▸ Aim of the task: Copy, word for word, the lines below from the one containing "6月18日,一名德国球迷手持啤酒静候开赛。 新华社记者 杨磊 摄" up to and including the one containing "感觉可以颁奖了! PGS9全球系列赛总决赛第二天比赛结束! TWIS第一、FLC第二、VP第三、GEN第四", with pictures left out.

▸ Data excerpt:
»»

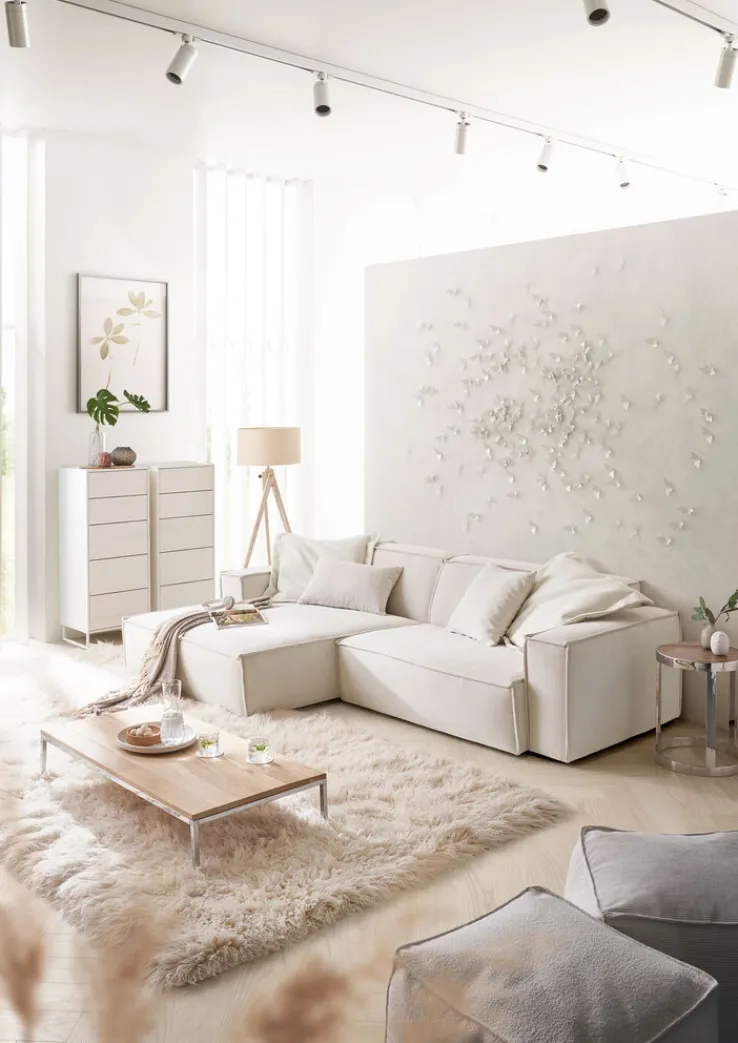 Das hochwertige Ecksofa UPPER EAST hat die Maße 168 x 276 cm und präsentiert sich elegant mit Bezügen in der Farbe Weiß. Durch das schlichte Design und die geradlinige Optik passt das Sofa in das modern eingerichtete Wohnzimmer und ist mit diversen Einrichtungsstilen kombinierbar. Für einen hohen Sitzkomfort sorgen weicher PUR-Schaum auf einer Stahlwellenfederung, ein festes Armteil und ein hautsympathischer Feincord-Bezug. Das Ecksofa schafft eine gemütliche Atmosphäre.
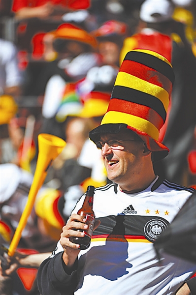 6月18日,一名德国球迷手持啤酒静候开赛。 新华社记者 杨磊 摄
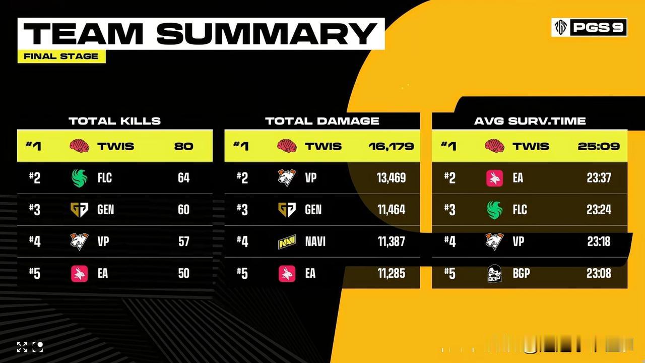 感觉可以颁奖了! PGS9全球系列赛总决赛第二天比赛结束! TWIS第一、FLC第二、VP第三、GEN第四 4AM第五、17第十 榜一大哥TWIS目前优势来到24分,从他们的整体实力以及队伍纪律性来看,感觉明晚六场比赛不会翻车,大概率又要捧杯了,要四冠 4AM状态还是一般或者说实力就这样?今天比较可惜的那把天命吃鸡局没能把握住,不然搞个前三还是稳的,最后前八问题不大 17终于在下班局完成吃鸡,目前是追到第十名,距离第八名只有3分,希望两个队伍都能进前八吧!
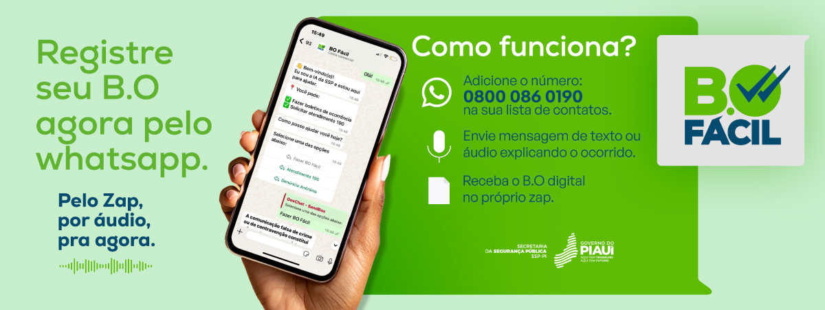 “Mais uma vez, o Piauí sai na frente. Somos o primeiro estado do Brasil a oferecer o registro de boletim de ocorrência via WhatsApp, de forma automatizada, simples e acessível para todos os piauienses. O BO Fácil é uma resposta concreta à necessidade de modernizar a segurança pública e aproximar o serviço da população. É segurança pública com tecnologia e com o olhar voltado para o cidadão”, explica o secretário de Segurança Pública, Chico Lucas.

««

▸ Response box:
 6月18日,一名德国球迷手持啤酒静候开赛。 新华社记者 杨磊 摄
 感觉可以颁奖了! PGS9全球系列赛总决赛第二天比赛结束! TWIS第一、FLC第二、VP第三、GEN第四 4AM第五、17第十 榜一大哥TWIS目前优势来到24分,从他们的整体实力以及队伍纪律性来看,感觉明晚六场比赛不会翻车,大概率又要捧杯了,要四冠 4AM状态还是一般或者说实力就这样?今天比较可惜的那把天命吃鸡局没能把握住,不然搞个前三还是稳的,最后前八问题不大 17终于在下班局完成吃鸡,目前是追到第十名,距离第八名只有3分,希望两个队伍都能进前八吧!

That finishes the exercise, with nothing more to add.